A CMIS vs. WSRP Diversion

For clarification purposes, it's worth mentioning two other Java Specification Requests common in the CMS field. JSR-168 and JSR-286 define different versions of the Java Portlet Specification.

I think that the relationship between CMIS and the JCR is quite similar to the relationship between Web Services for Remote Portlets (WSRP) and the Java Portlet Specs:

  • One provides a local API, the other is meant to be used remotely over HTTP
  • One is Java based (although the JCR has been ported), while the other is programming language independent
  • Java Portlets and JCR repositories can be exposed via WSRP and CMIS using Apache WSRP4J and Apache Chemistry respectively
  • The one is a Java Community Process specification, the other is an OASIS specification 
  • They are complementary, not competing technologies

With that said, it appears that WSRP is losing the standards war to widely adopted, simpler things like Google's OpenSocial and other widget/gadget platforms. Let's hope the same isn't in store for CMIS.
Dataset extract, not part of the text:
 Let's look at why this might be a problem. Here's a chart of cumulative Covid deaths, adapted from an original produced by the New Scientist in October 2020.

OSGi - the Dynamic Module System for Java

You may not have heard of OSGi, and the acronym certainly doesn't give away any secrets. It used to stand for the Open Services Gateway initiative, but it doesn't stand for much of anything these days. This is not to say that OSGi is passé or dead. Au contraire.

To start, it's much more helpful to use the tagline: The Dynamic Module System for Java (tm). It doesn't have much to do with the JCR or CMIS, except that it is an important part of Day Software's JCR repository product, and is included on my most excellent diagram. More seriously, I feel it deserves a mention and that content management people should be aware of it.
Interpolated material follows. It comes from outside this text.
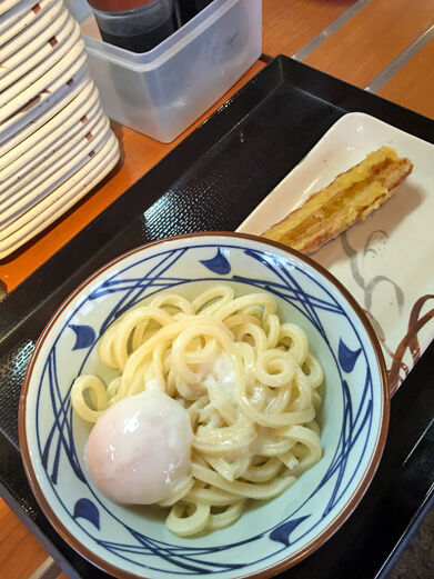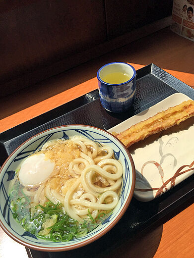 うどんと温泉卵とちくわ揚げ。

Enterprise Java No Place for Dilettantes

Let's face it, Java Enterprise Edition can be a beast -- the world is trying to keep things simple and Java EE certainly isn't. This is precisely why Java application frameworks like Spring have taken a big bite of the market. The main selling points for OSGi are that compared to a traditional Java enterprise application deployment, an OSGi-based app improves modularity and is much simpler.

OSGi provides a framework which sits on top of a Java Virtual Machine. Developers create bundles which live inside the framework. The framework manages the lifecycle of these bundles -- installing, starting, stopping and uninstalling them, the dependencies between them (saving you from Dependency Hell) and controls access to them. The framework also provides a Compendium of Services (much like Java EE) to make a developer's life easier. These include logging, configuration management, monitoring, caching, deployment and provisioning.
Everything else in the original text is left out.